11. A barrel for use in pre-stressing a tendon which includes
a body having a leading end and a hole therethrough through which a part of a tendon to be tensioned can pass; and a zone of weakness which is configured to yield in the direction of the leading end of the body when the body is subjected to a predetermined compressive load.
1. A barrel for use in pre-stressing a tendon, which includes
a body having a leading end and a hole therethrough; and a spacing member in the form of a shear ring fast with the body and configured to transmit a compressive load applied by a setting member to the body, the spacing member being designed to yield in the direction of the leading end of the body when a predetermined compressive load is applied thereto.
24. A barrel for use in pre-stressing a tendon which includes
a unitary body which is generally circular in shape and has a hole extending axially therethrough through which a part of a tendon to be tensioned can pass, the hole having a diameter which decreases over at least part of its length towards a leading end of the body, the leading end of the body being rounded; and indicating means integral with the body to indicate when a predetermined compressive load has been applied to the body.
16. In the pre-stressing of a tendon anchored at one end, by making use of a tensioning jack having a nose bearing against a tapered barrel around the other end of the tendon, there is provided a method which includes steps of providing a spacing member through which a load applied by the nose to the barrel is transmitted, the spacing member being designed to yield at a predetermined load between the nose and the barrel; and using such yield to cause the nose to set a wedge arrangement in the barrel to grip the tendon.
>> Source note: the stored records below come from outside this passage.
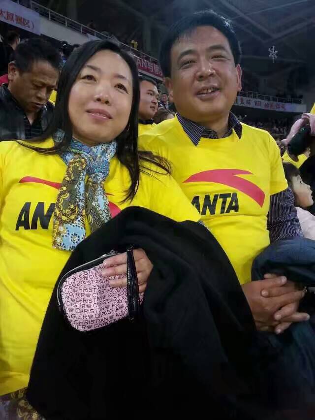 (照片二):我俩身穿球迷的服装,拍摄于女篮比赛的现场;
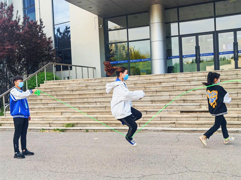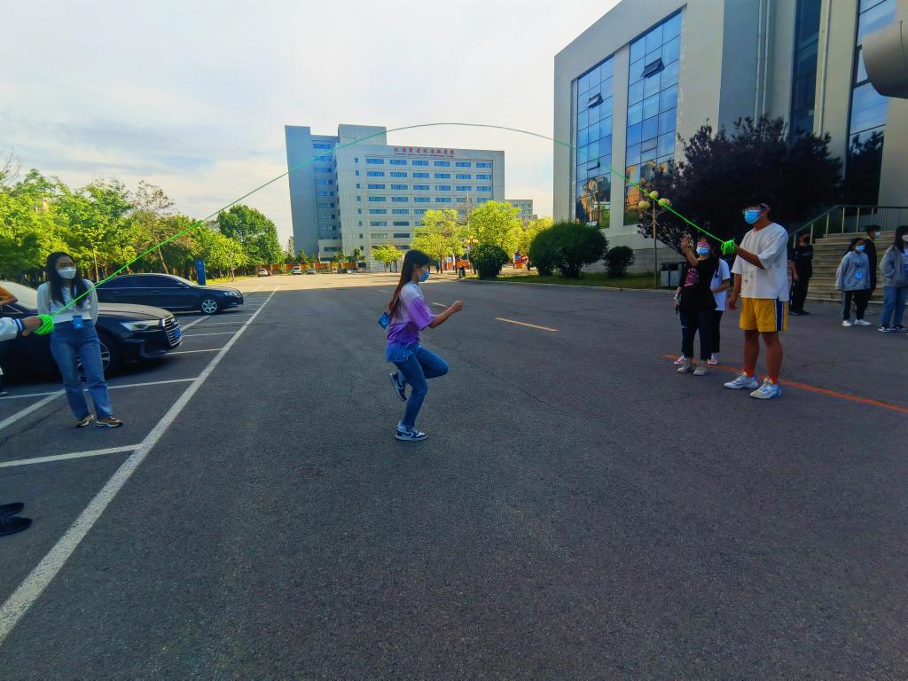 此次活动严格按照学校防疫要求,参与师生保持安全距离并正确佩戴口罩和胸牌。活动共为两个部分:第一部分为“八字跳大绳”,充分激发了同学们的集体荣誉感,每个人都拼劲全力为小组争光。第二部分为“一圈到底”,展现同学们的个人素质和默契配合,让大家切实了解到身心素养和学习学业同等重要。
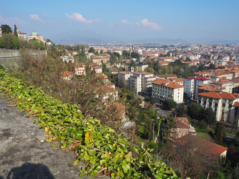 La vallata si apre ai miei piedi e, in mezzo a un tripudio di verde, vedo Bergamo Di Sotto in tutta la sua estensione, con i tetti rossi e le strade che, da lì, paiono quasi deserte.
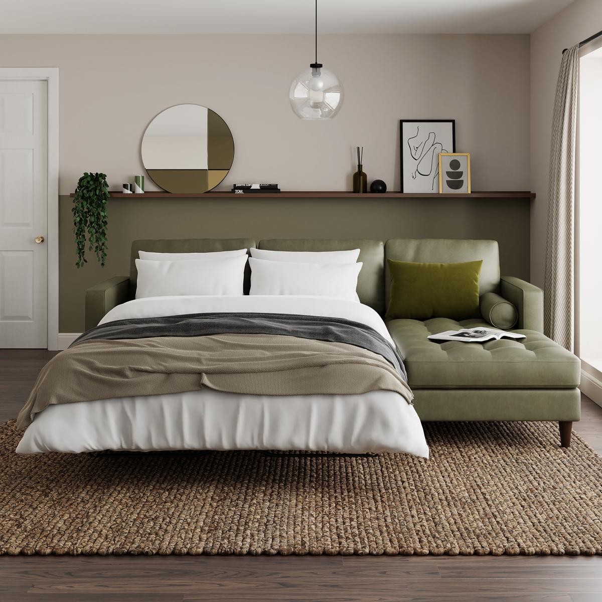 Zoe Faux Leather 3 Seater Corner Double Sofa Bed Faux Leather Green
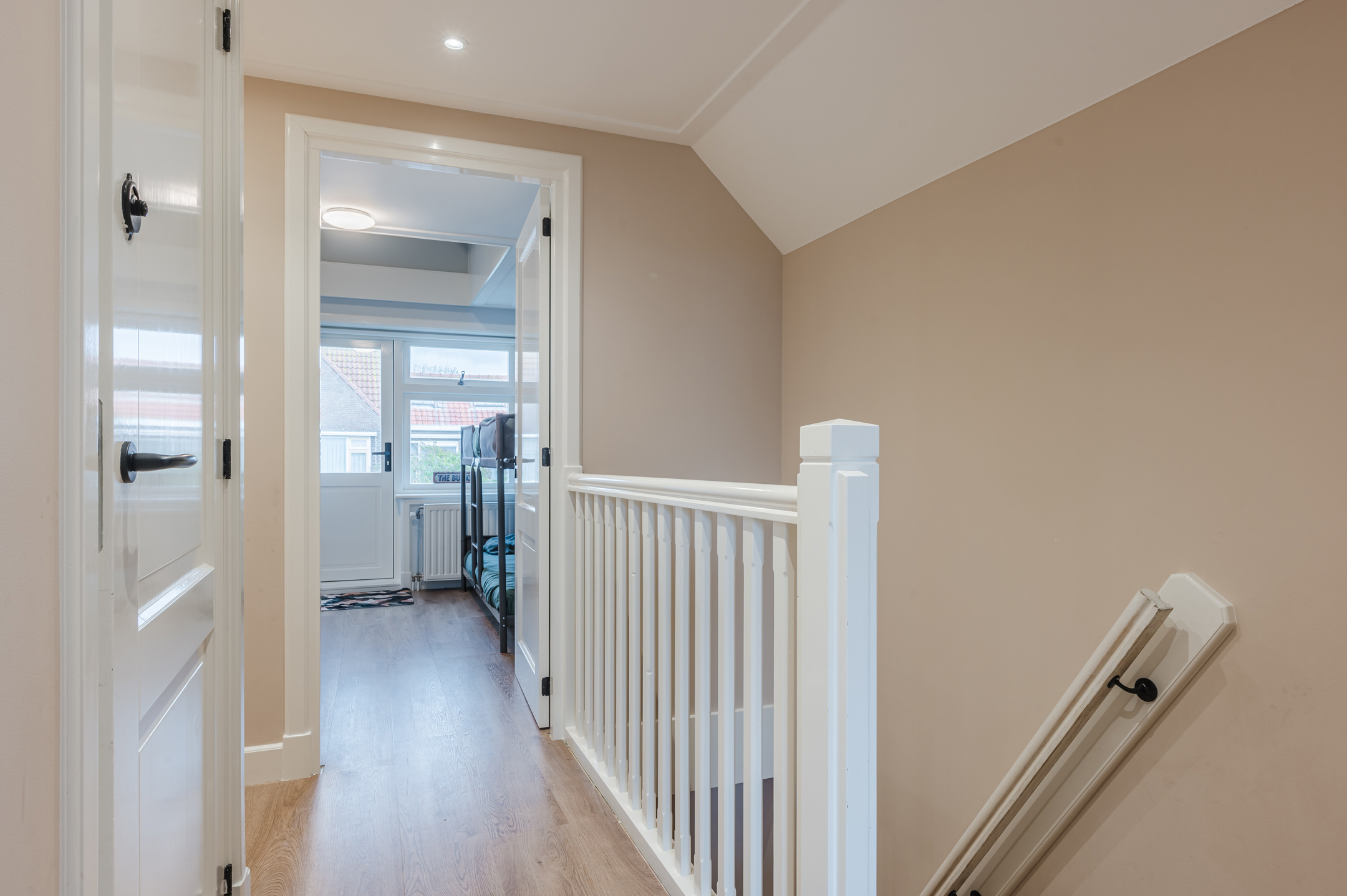 Via de ruime overloop heeft u toegang tot drie zéér royale slaapkamers. De ouderslaapkamer is gemaakt van een prachtige handgemaakte inbouwkast. De strak afgewerkte badkamer is volledig betegeld en voorzien van een nette douche, dubbele wastafelmeubel toilet en designradiator.
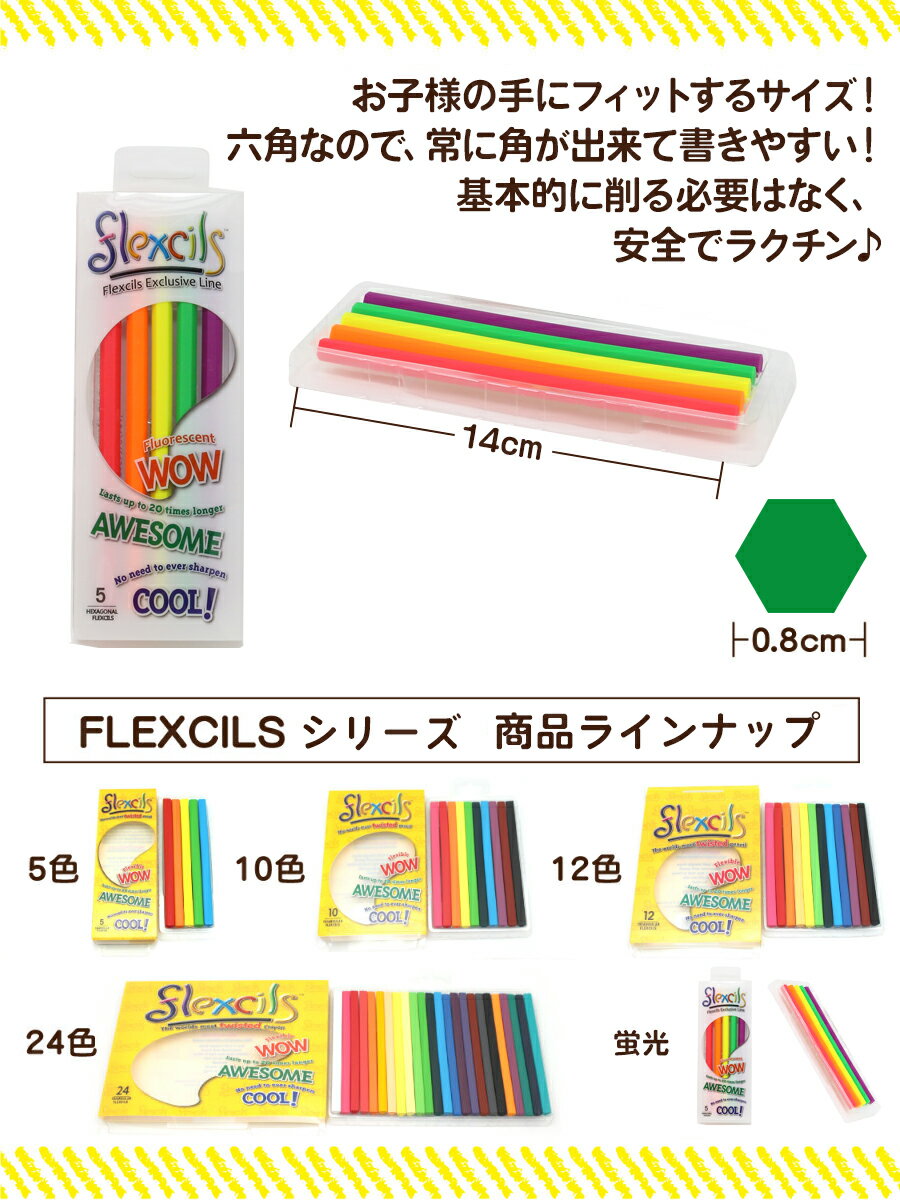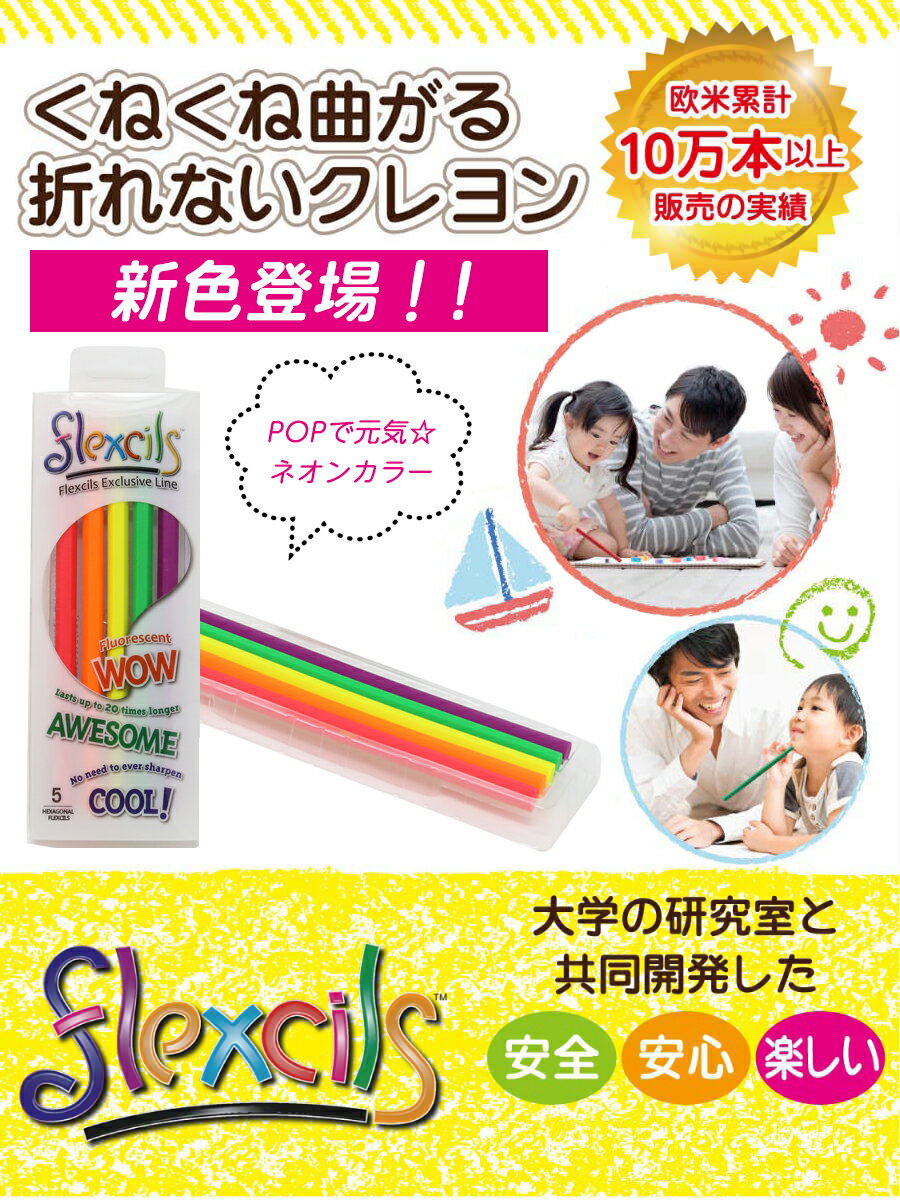 【 送料無料 】 テレビ紹介商品 曲がる 折れない 革新的 クレヨン flexcils フレキシルズ 蛍光5色入り なめても安心 手が汚れない安全 安心 楽しい 欧米の安全規格をクリア 色鉛筆 クレパス クーピー 3歳 4歳 5歳 6歳 7歳 8歳 9歳 10歳の子供に最適
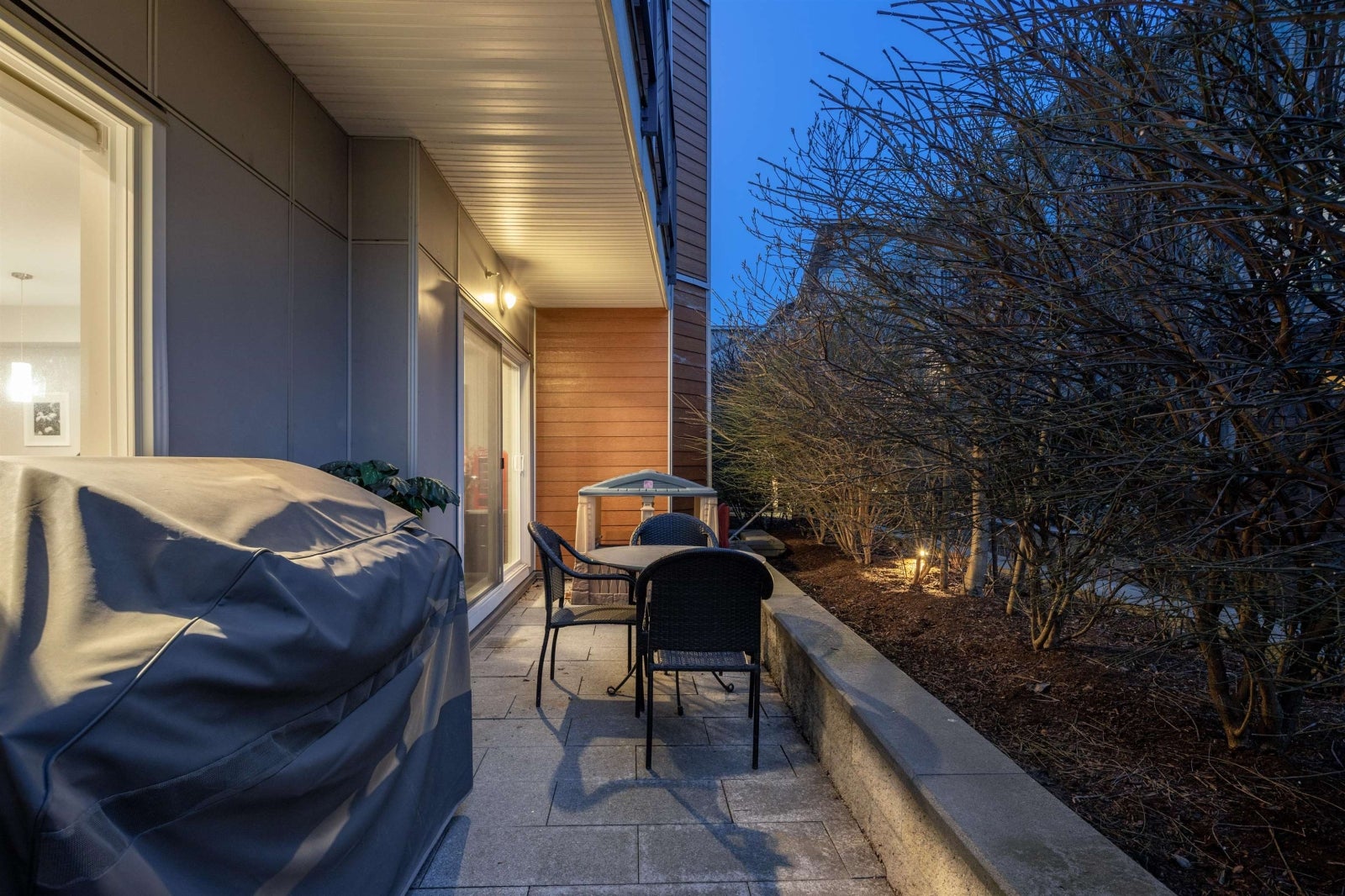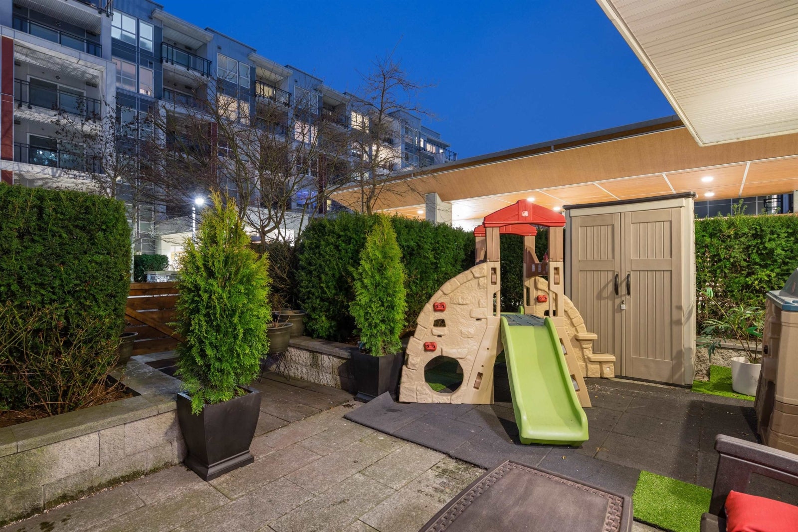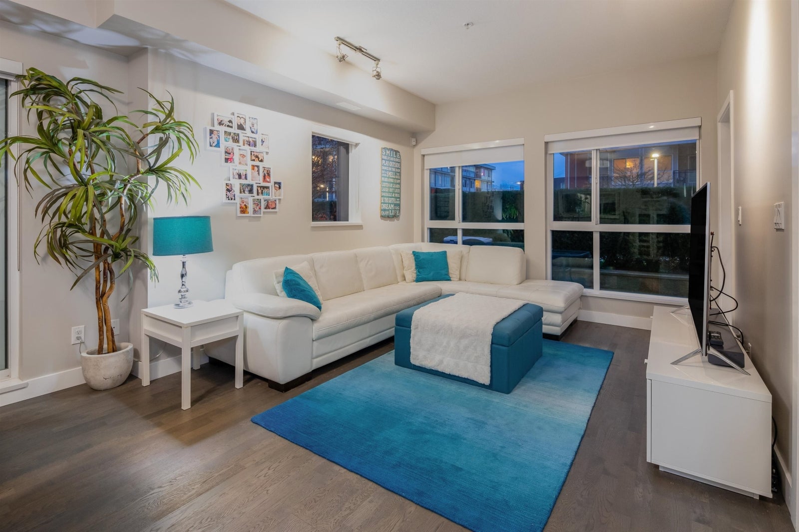 Welcome to Parc Riviera - A master-planned neighbourhood by Dava & Oris Developments - Richmond's premium Home Builders. This hidden gem in one of Richmond's most sought-after Riverfront Community. This two bedrooms & two bathrooms ground level, corner suite, is sure to impress you at the first appearance. Features include a spacious & efficient plan with generously sized living & dining area, & over-sized windows for plenty of natural lighting. Amazing front & side patios that total close to 600 SF plus your own exterior front door. Home features the latest technology with geothermal heating/cooling plus gas stove. First Class amenities include clubhouse, fitness centre, indoor pool, hot tub, & lounge. Ultra-convenience with easy access to River Rock Casino, Costco, Restaurants, & more.
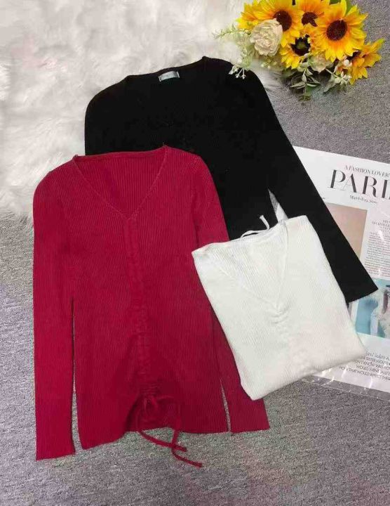 秋季新品韩版V领抽绳设计款包芯纱套头毛衣,独立包装,均码面料软糯舒适弹...
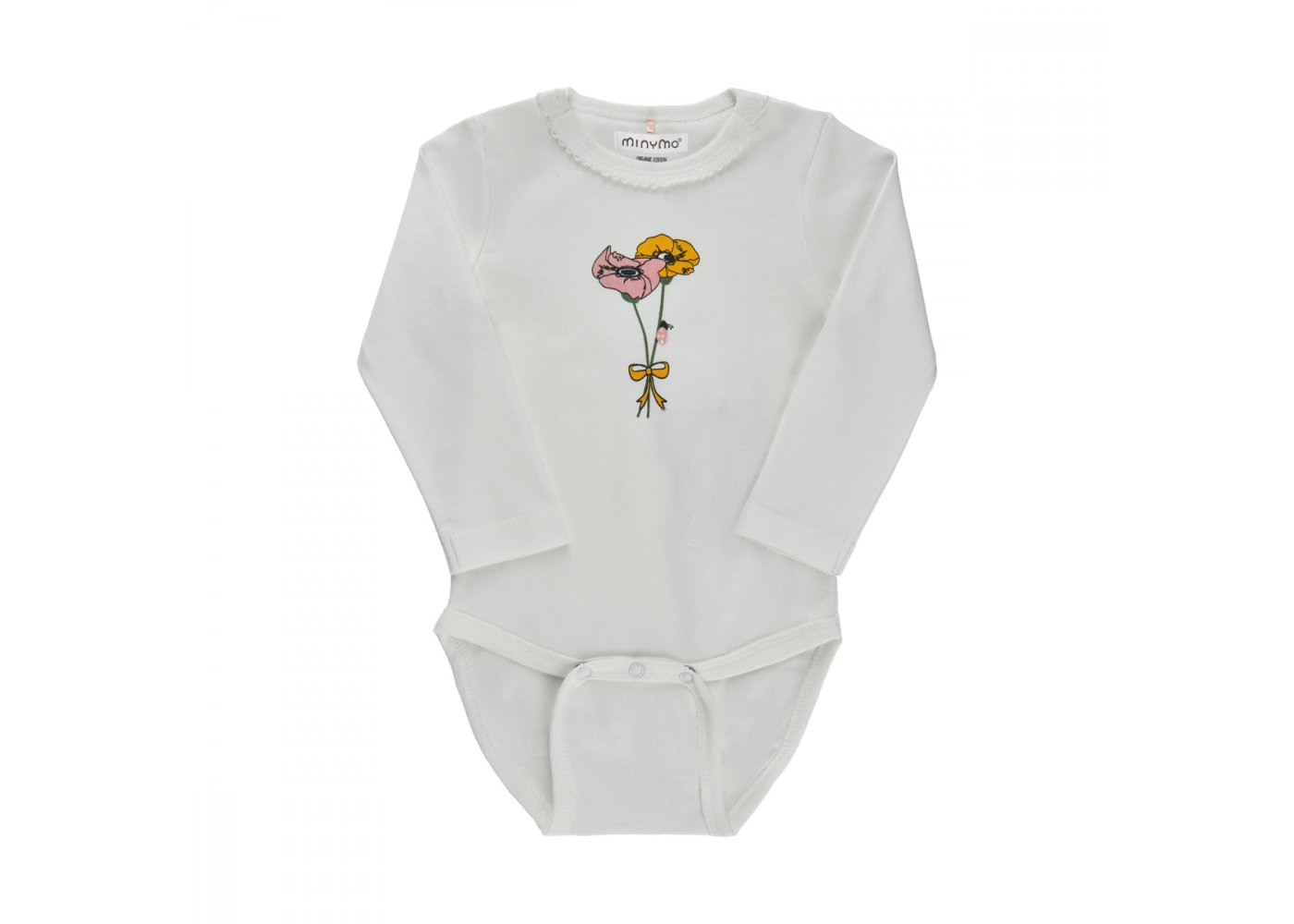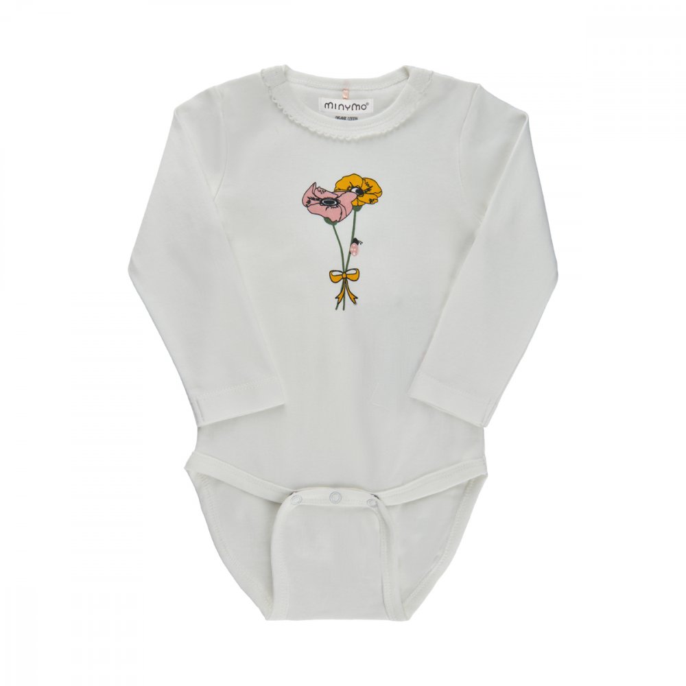 Bodyen har en fin broderet kant i halsudskæring og lukkes med trykknapper på venstre skulder og imellem ben. Bodyen er lavet i en lækker økologisk bomuld.Tekstil: 100 % bomuld
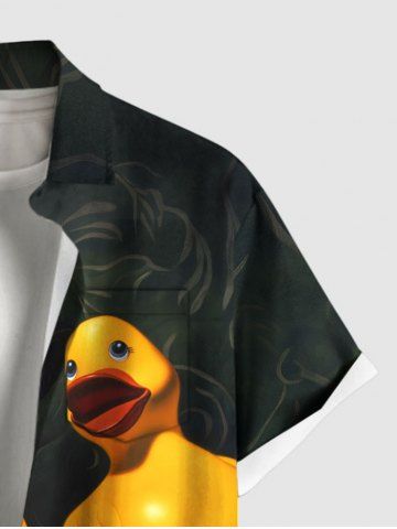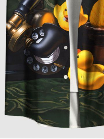 Plus Size Ducks Telephone Print Buttons Pocket Hawaii Shirt For Men - Negro - Negro

21. A barrel for use in pre-stressing a tendon which includes
a unitary body which is generally circular cylindrical in shape and has a hole extending axially therethrough through which part of a tendon to be tensioned can pass, the hole having a diameter which decreases over at least part of its length towards a leading end of the body, the leading end of the body being rounded; and a zone of weakness which is configured to yield in the direction of the leading end of the body when the body is subjected to a predetermined compressive load.
8. A setting device for use in pre-stressing a tendon using a barrel and wedge system, the barrel of which includes a body and a spacing member in the form of a shear ring fast with the body, the setting device including a nose having a leading end and defining an annular radially inwardly open channel-shaped formation adjacent the leading end; and a shear ring engaging member which is in the form of a discontinuous ring held captive in the channel-shaped formation and which is configured to engage and transmit a load to the shear ring of the barrel.
12. A barrel for use in pre-stressing a tendon which includes a unitary body formed from a single piece of steel, the body having a leading end and a hole therethrough through which a part of a tendon to be tensioned can pass, part of the body being connected to the remainder of the body by a zone of weakness configured to yield in the direction of the leading end when the body is subjected to a predetermined compressive load so that said part of the body is displaced relative to the remainder of the body when the body is subjected to said predetermined compressive load.
6. A pre-stressing kit which includes a barrel having a body through which a hole extends; a wedge arrangement, at least part of which is receivable, in use, in the hole in the body of the barrel between the body and a tendon extending therethrough; and a spacing member formed integrally with the body through which, in use, a compressive load applied by a setting member to the body of the barrel is transmitted until a predetermined load is reached at which stage the spacing member permits the setting member to apply a load to the wedge arrangement to set the wedge arrangement between the body of the barrel and the tendon to secure the barrel in position on the tendon.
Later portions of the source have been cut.